- _Exercise_
Transcribe the listing below exactly, without pictures.

- _Supplied material_
════════════════════
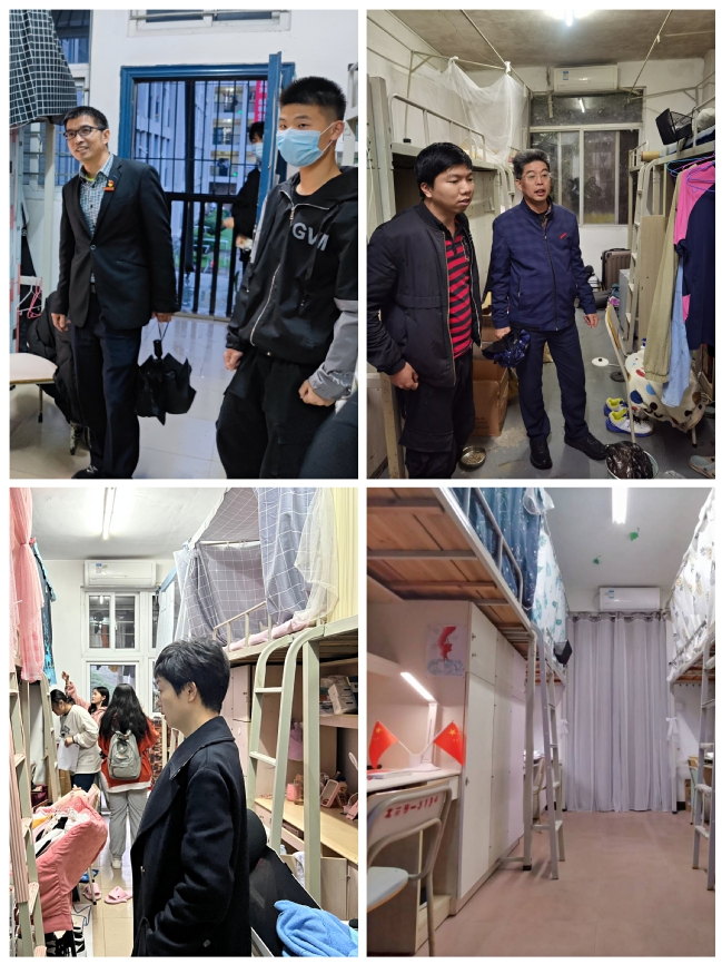 检查过程中,学院班子成员与学生进行深入交谈,详细了解学生在校生活情况,叮嘱学生持续做好常态化疫情防控措施,注意开窗通风,保持宿舍干净整洁,重视宿舍安全问题,禁止使用高功率电器,保持消防安全通道畅通,切实增强安全防范意识和应对处理突发事件的能力。
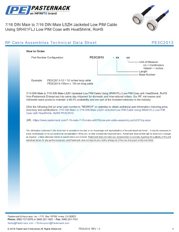 RF Cable Assemblies Technical Data Sheet PE3C2013
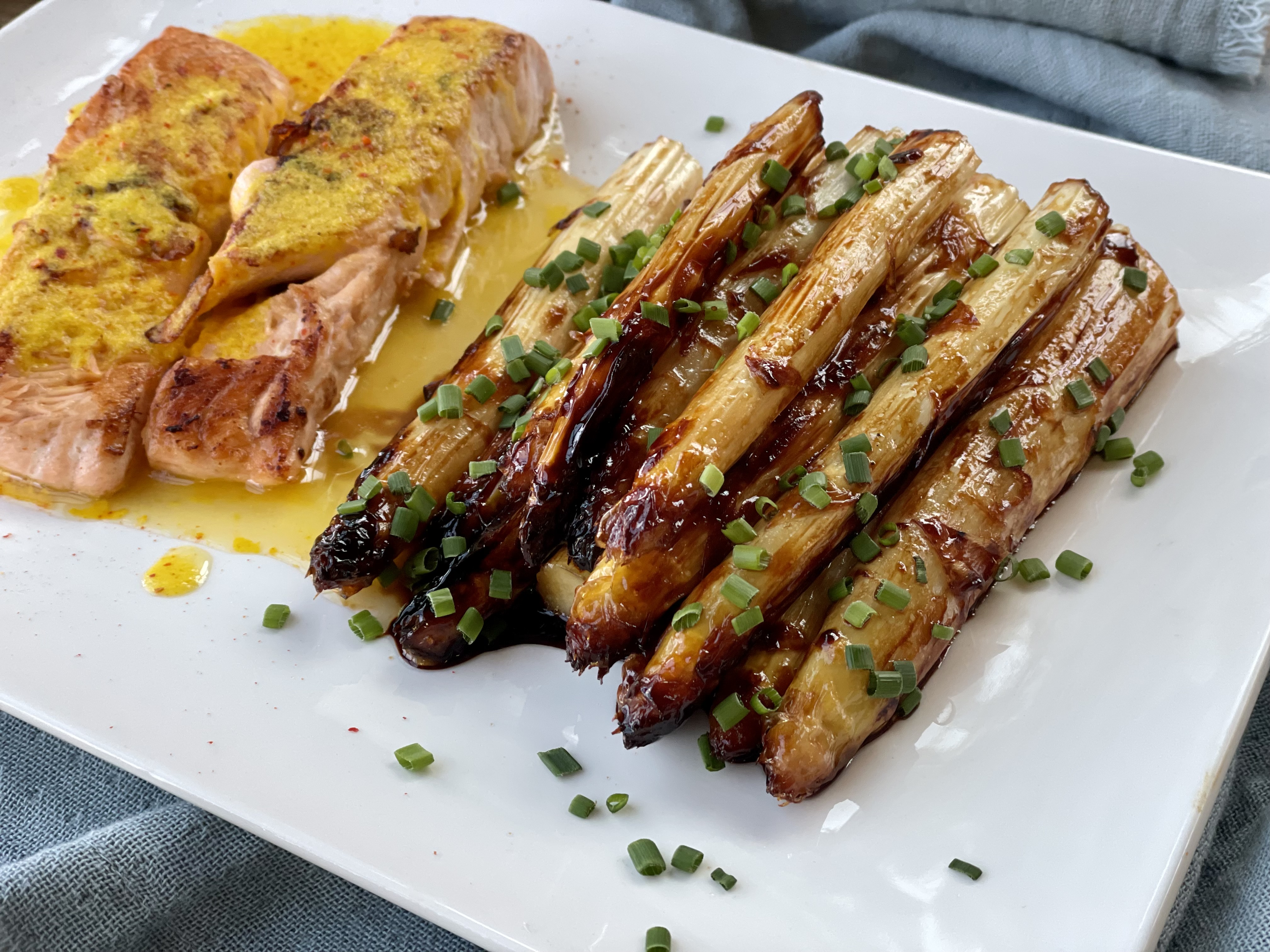 - Avant de servir, faites revenir les asperges dans leur marinade dans une poêle sur feu moyen pendant +/- 10 minutes jusqu’à une légère caramélisation, en les retournant régulièrement.
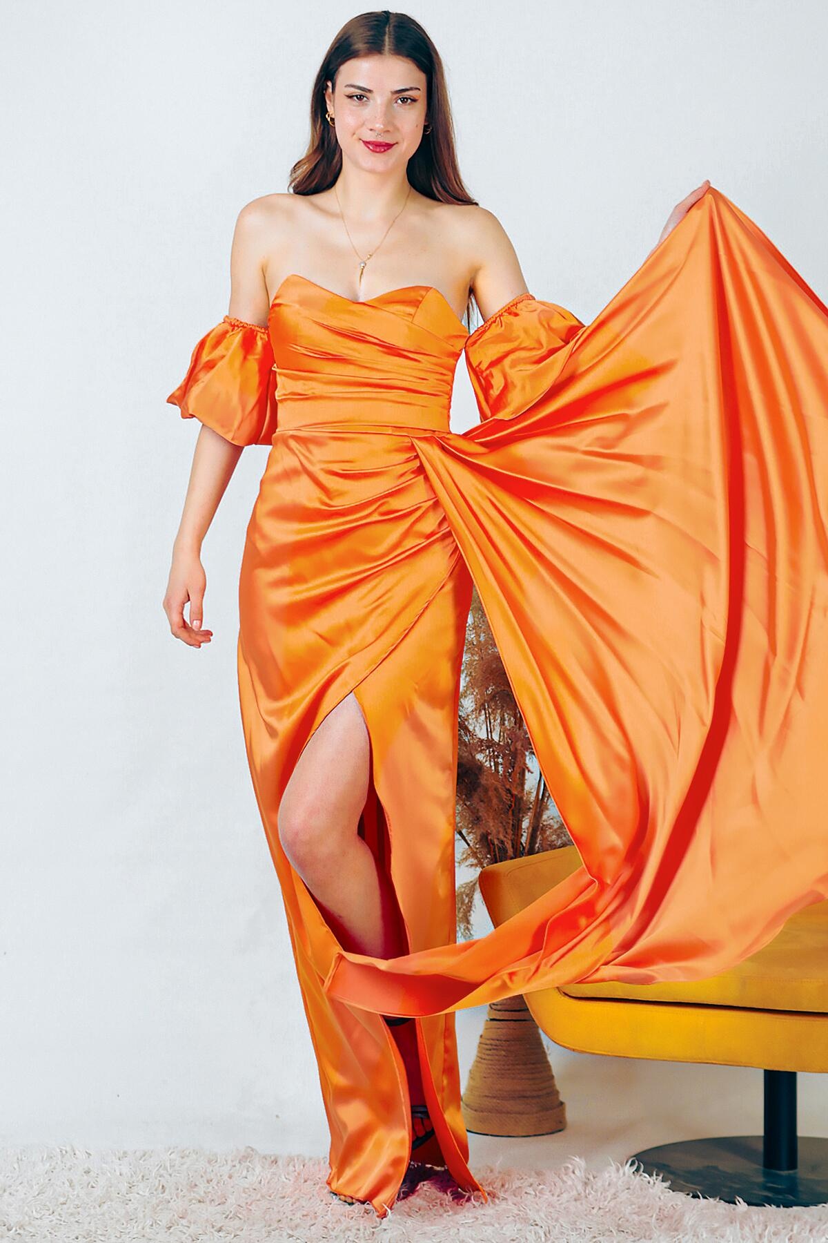 Kadın Balon Kol Saten Uzun Abiye Elbise Turuncu
════════════════════
- _Result of the exercise_
 检查过程中,学院班子成员与学生进行深入交谈,详细了解学生在校生活情况,叮嘱学生持续做好常态化疫情防控措施,注意开窗通风,保持宿舍干净整洁,重视宿舍安全问题,禁止使用高功率电器,保持消防安全通道畅通,切实增强安全防范意识和应对处理突发事件的能力。
 RF Cable Assemblies Technical Data Sheet PE3C2013
 - Avant de servir, faites revenir les asperges dans leur marinade dans une poêle sur feu moyen pendant +/- 10 minutes jusqu’à une légère caramélisation, en les retournant régulièrement.
 Kadın Balon Kol Saten Uzun Abiye Elbise Turuncu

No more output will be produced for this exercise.